1MHz〜400MHzといった低い周波数の電波を、車を丸ごと包み込むような強力な電界として暗室で発生させようとすると、アンテナが巨大になり、何キロワットというとんでもない電力アンプが必要になります。

ポイント


「どうせ低い周波数の電波は、長いワイヤーハーネスがアンテナになって受信し、電流に変わって製品内部に侵入するんだ。だったら、最初からプローブで直接ハーネスにノイズ電流を注入してしまえば、強力な電波を浴びたのと同じ状態を再現できるじゃないか!
これがBCI試験の本当の正体です。
レントン
レントン

実際に私も最近、BCI試験中に通信ラインへ注入された強力なノイズがトランシーバーICを直撃し、通信エラーでフリーズしてしまうというNGを経験しました。ノイズは容赦なく「線の入り口」から急所へと向かっていくのです。

まとめ:「RIで落ちたらシールド」から卒業しよう

まとめ


✅ 空間から来る電波(RI)も、結局はケーブルや基板パターンが受信して「線」を伝ってくる
✅ 伝導イミュニティ(BCI)は、低い周波数の電波を浴びた状態のシミュレーション
✅ 「RIで落ちたからシールドで囲む」当てずっぽうの対策からは卒業する

ノイズがどこで電波から電流に化け、どの道をたどってICを直撃しているのか。そのメカニズムをイメージできるエンジニアこそが、最強のノイズ対策を生み出せるのです。
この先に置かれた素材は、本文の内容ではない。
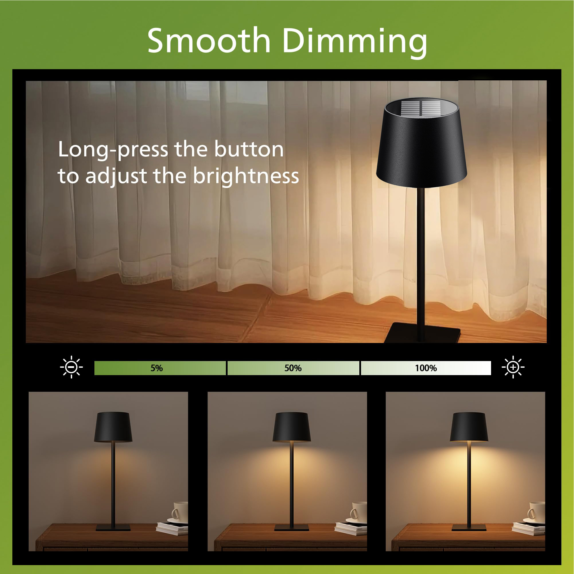 5. Smooth Dimming - long-press the button to adjust the brightness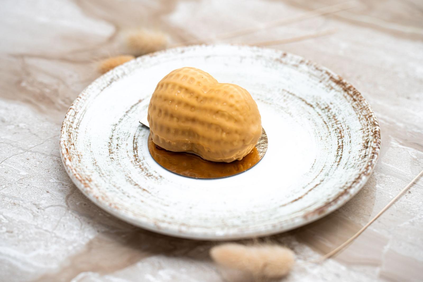 L’illusion parfaite pour les amateurs de saveurs contrastées. Ce trompe-l’œil cache sous sa coque un praliné cacahuète maison ultra-croquant et une mousse onctueuse. Le mariage du chocolat et de la cacahuète grillée, relevé d’une pointe de fleur de sel, crée un équilibre irrésistible entre force et gourmandise.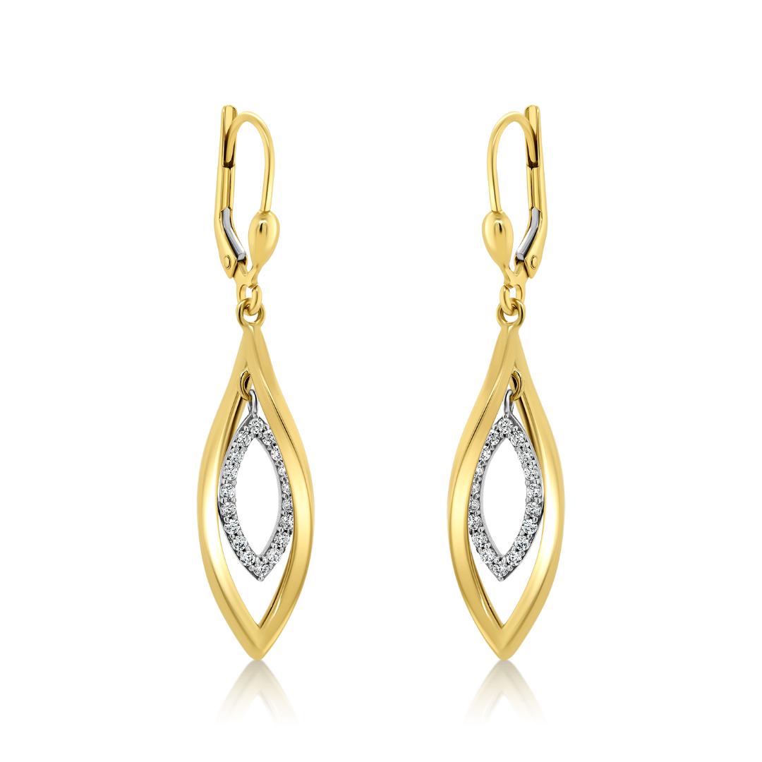 Cercei din aur galben de 14K cu pietre Cubic Zirconia albe.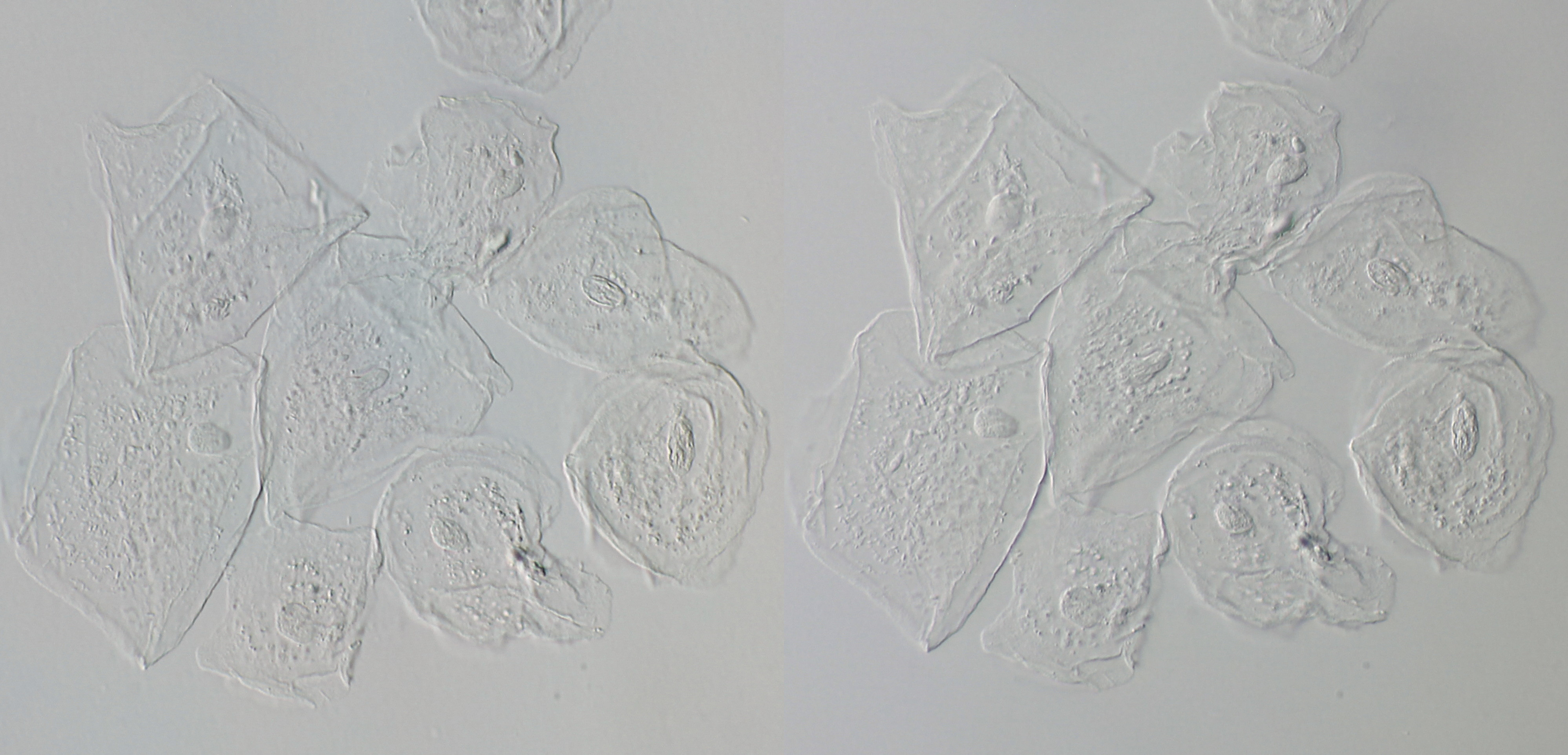 Ich habe hier nog einen Vergleich, Schleimhautzellen aufgenommen mit Leitz NPL Fluotar 25/0.55: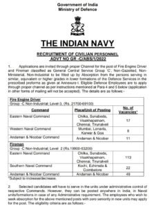 अर्ज पाठविण्याचा पत्ता- फ्लॅग ऑफिसर कमांडिंग-इन-चीफ, (SO CRC’ साठी) मुख्यालय ईस्टर्न नेव्हल कमांड, युटिलिटी कॉम्प्लेक्स (दुसरा मजला), नेव्हल बेस विशाखापट्टणम, आंध्र प्रदेश – 530014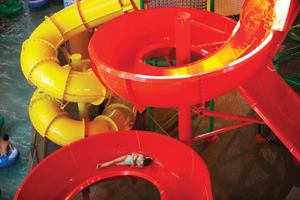 From the thrilling water slides to the activity pool, dip-in theater, indoor adventure river and indoor/outdoor spa, the waterpark was designed with something for everyone to enjoy. It also features in-park concessions, rental cabanas and private party rooms.

実はイミュニティの世界には、今回の話とは全く別の物理現象が2つあります。「携帯機を数センチまで近づけた途端に一発でNGになる近傍界の話」と「EVの普及で急増している磁界イミュニティの話」です。次回はこの2つの「別物の試験」について解説します。

レントン
レントン

イミュニティで誤作動すると、つい「電波がICを直撃した!」って焦って基板を金属で覆いたくなるよね。でも、ノイズは必ず「アンテナになった線」を通って侵入してくるんだ。見当違いなシールドで製品を重くする前に、まずはコネクタ付近の「関所」をしっかり守ることから始めよう!